** What needs to be done **
Scan the listing for the word "outdoor", and copy out each line where it is found.

++++ Data shown

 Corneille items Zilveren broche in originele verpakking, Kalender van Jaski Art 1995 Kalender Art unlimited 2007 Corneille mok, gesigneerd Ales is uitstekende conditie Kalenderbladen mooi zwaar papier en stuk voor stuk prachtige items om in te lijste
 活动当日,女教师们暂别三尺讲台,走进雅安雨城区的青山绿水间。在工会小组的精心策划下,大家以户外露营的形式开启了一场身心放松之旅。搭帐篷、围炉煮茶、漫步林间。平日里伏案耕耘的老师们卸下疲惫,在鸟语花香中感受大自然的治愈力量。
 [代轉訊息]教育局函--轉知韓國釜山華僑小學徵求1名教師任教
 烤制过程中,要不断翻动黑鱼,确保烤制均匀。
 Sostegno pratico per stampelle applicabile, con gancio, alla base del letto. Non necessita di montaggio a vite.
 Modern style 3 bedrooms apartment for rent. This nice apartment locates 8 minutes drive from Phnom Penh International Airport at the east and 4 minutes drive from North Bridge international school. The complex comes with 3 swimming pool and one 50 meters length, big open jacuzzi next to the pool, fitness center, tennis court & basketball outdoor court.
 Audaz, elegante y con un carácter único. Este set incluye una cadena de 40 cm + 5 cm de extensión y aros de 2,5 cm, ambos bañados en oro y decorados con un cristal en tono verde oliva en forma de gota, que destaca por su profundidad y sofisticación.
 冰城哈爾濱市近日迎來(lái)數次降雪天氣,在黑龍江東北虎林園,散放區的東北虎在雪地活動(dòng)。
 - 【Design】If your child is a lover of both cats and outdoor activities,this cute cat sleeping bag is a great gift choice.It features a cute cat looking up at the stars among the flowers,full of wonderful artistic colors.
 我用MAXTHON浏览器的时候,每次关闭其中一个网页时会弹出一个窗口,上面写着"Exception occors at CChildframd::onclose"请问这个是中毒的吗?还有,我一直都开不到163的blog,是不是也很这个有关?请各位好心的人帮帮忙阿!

++++++++

** Reply **
 Modern style 3 bedrooms apartment for rent. This nice apartment locates 8 minutes drive from Phnom Penh International Airport at the east and 4 minutes drive from North Bridge international school. The complex comes with 3 swimming pool and one 50 meters length, big open jacuzzi next to the pool, fitness center, tennis court & basketball outdoor court.
 - 【Design】If your child is a lover of both cats and outdoor activities,this cute cat sleeping bag is a great gift choice.It features a cute cat looking up at the stars among the flowers,full of wonderful artistic colors.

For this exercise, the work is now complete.